··· Given records

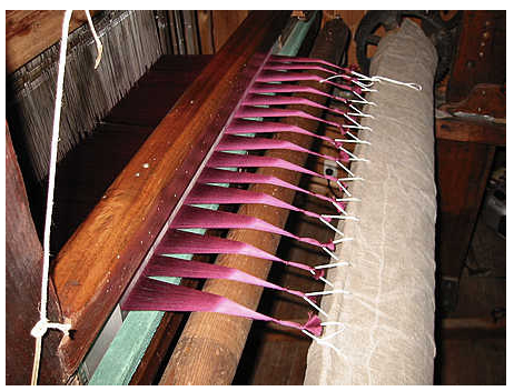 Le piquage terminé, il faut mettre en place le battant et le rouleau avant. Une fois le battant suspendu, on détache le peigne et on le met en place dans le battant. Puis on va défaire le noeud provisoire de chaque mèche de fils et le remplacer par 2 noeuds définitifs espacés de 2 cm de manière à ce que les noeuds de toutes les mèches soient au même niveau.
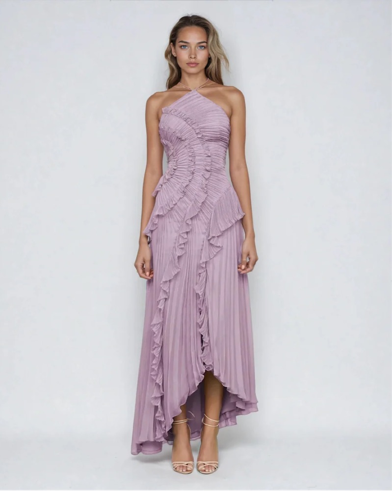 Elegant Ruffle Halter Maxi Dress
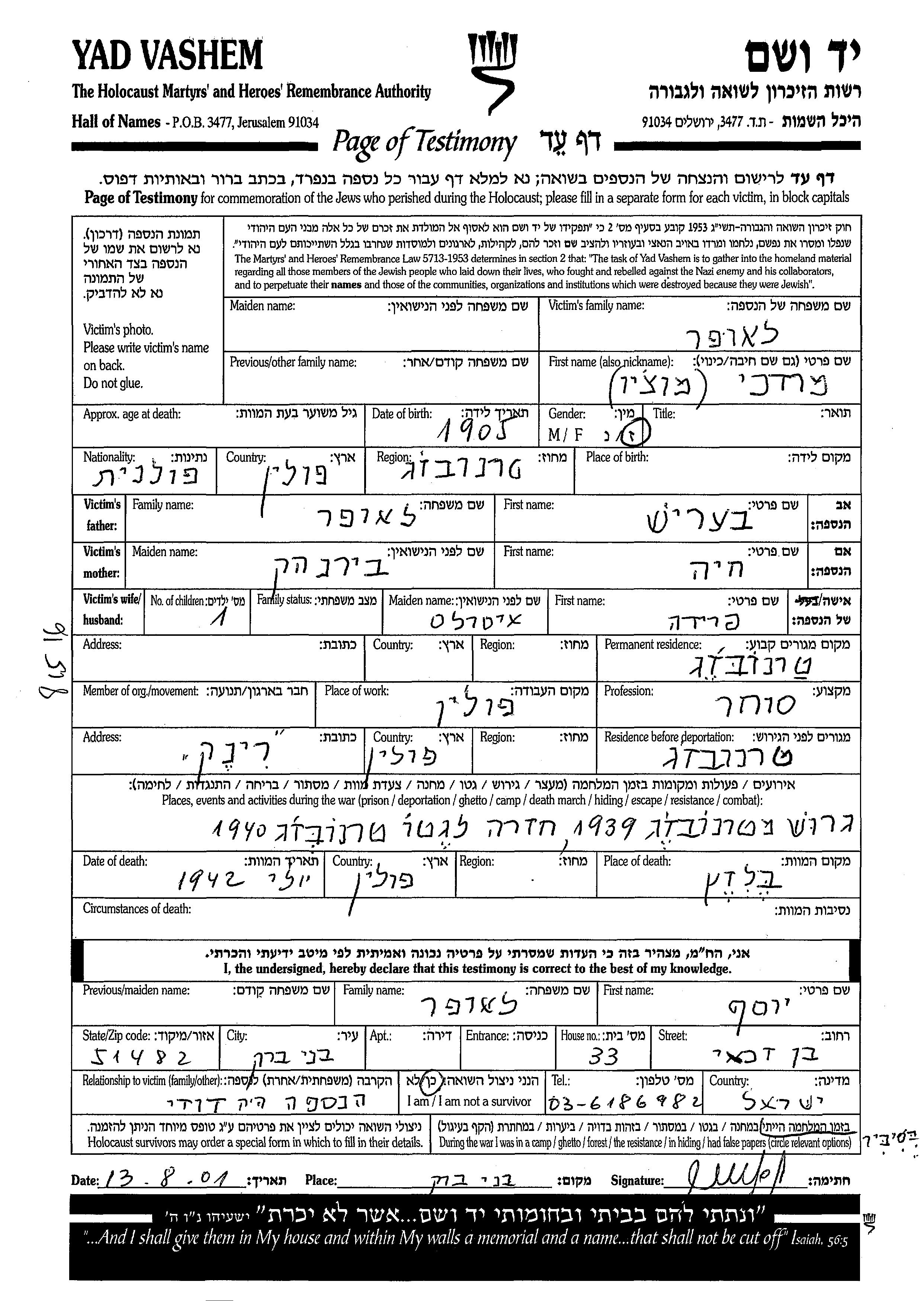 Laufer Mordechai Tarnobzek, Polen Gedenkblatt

······
··· Given records

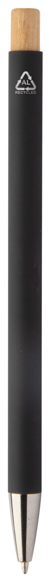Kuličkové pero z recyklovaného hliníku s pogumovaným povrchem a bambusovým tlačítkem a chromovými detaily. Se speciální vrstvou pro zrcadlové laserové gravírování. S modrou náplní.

······

Task description — Lines wanted from the entries above: the one with "Le piquage terminé, il", the one with "Laufer Mordechai Tarnobzek, Polen", and all lines between. Please copy them exactly, without the pictures and without anything else.

Task result —
 Le piquage terminé, il faut mettre en place le battant et le rouleau avant. Une fois le battant suspendu, on détache le peigne et on le met en place dans le battant. Puis on va défaire le noeud provisoire de chaque mèche de fils et le remplacer par 2 noeuds définitifs espacés de 2 cm de manière à ce que les noeuds de toutes les mèches soient au même niveau.
 Elegant Ruffle Halter Maxi Dress
 Laufer Mordechai Tarnobzek, Polen Gedenkblatt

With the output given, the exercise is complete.